# What you are asked to do
The listing below should be printed exactly, every line of it. Skip the pictures.

# Data section
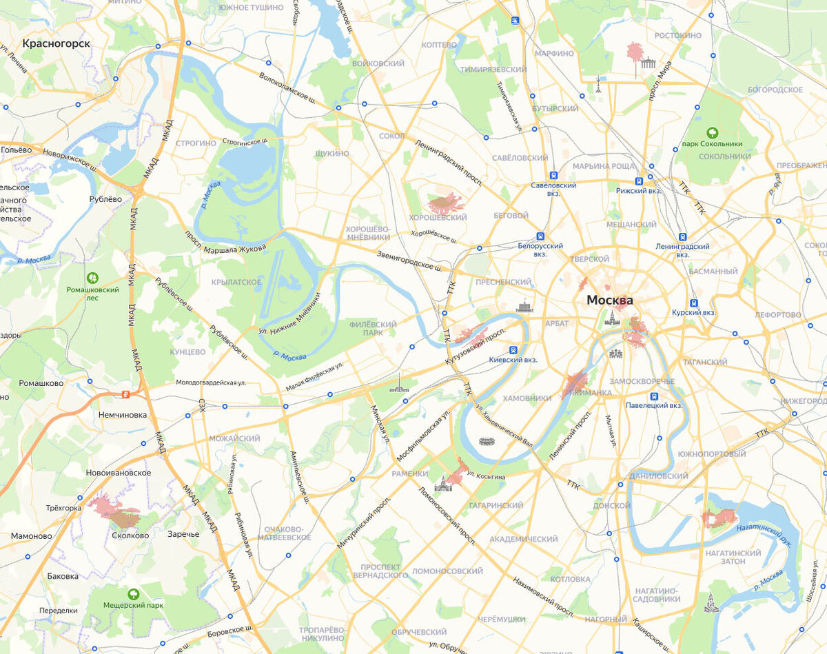 Компания МТС запустила в Москве тестовую пользовательскую 5G-сеть. Работает она в четырнадцати местах, обозначенных красным на карте:
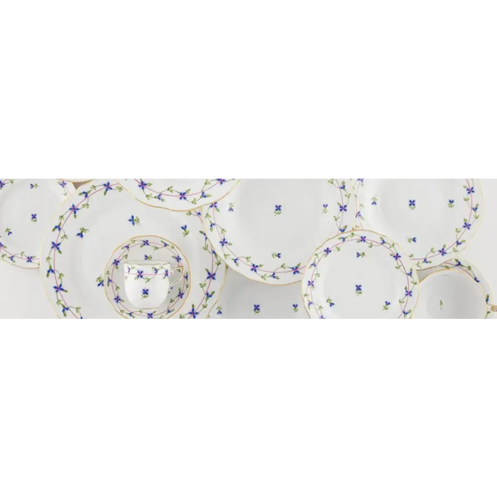 This design of a garland of bright blue cornflowers was introduced in 1890 by Jeno Farkashazy, grandson of the founder of Herend. The apparent French influence reflects the country where young Farkashazy was educated. Hand painted in Hungary. Now the biggest porcelain manufactory in Europe, Herend was founded in 1826 to produce earthenware in the small Hungarian village for which it was named. At the time, Hungary was flooded with low-cost pottery, but in 1839, Mor Fischer became the Manufactory’s new owner and he decided to focus on producing dinnerware replacement pieces for Europe’s royal families to complement their valuable porcelain patterns from Germany and the Far East. As his client base grew, Fischer commissioned his artists to begin designing dinnerware patterns of their own. Queen Victoria’s 1851 purchase of a large set for Windsor Castle was a milestone, setting the stage for aristocrats throughout Europe to clamor for Herend in their estates. In the 1850s, Herend added meticulously-crafted figurines to its creations. Herend’s trademark fishnet pattern, which is widely recognized and prized as Herend’s signature design, started in 1858 when an artist who was intrigued with a Chinese plate’s fish scale design painted it onto a rooster figurine to imitate feathers.
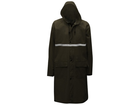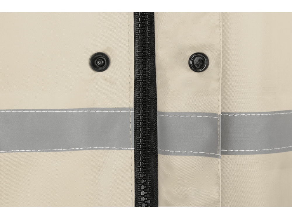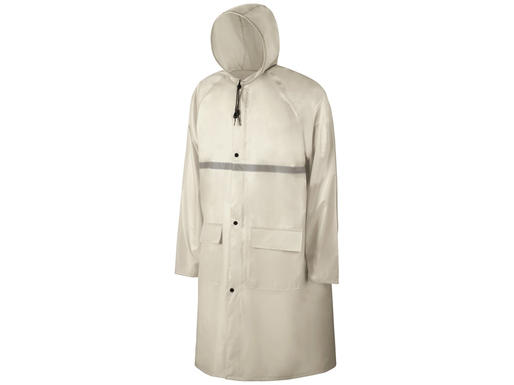 Светоотражающая тесьма на груди и спине делает человека в плаще заметным даже в темное время суток. Вместительные накладные карманы защищены сверху клапаном.

# Output for this task
 Компания МТС запустила в Москве тестовую пользовательскую 5G-сеть. Работает она в четырнадцати местах, обозначенных красным на карте:
 This design of a garland of bright blue cornflowers was introduced in 1890 by Jeno Farkashazy, grandson of the founder of Herend. The apparent French influence reflects the country where young Farkashazy was educated. Hand painted in Hungary. Now the biggest porcelain manufactory in Europe, Herend was founded in 1826 to produce earthenware in the small Hungarian village for which it was named. At the time, Hungary was flooded with low-cost pottery, but in 1839, Mor Fischer became the Manufactory’s new owner and he decided to focus on producing dinnerware replacement pieces for Europe’s royal families to complement their valuable porcelain patterns from Germany and the Far East. As his client base grew, Fischer commissioned his artists to begin designing dinnerware patterns of their own. Queen Victoria’s 1851 purchase of a large set for Windsor Castle was a milestone, setting the stage for aristocrats throughout Europe to clamor for Herend in their estates. In the 1850s, Herend added meticulously-crafted figurines to its creations. Herend’s trademark fishnet pattern, which is widely recognized and prized as Herend’s signature design, started in 1858 when an artist who was intrigued with a Chinese plate’s fish scale design painted it onto a rooster figurine to imitate feathers.
 Светоотражающая тесьма на груди и спине делает человека в плаще заметным даже в темное время суток. Вместительные накладные карманы защищены сверху клапаном.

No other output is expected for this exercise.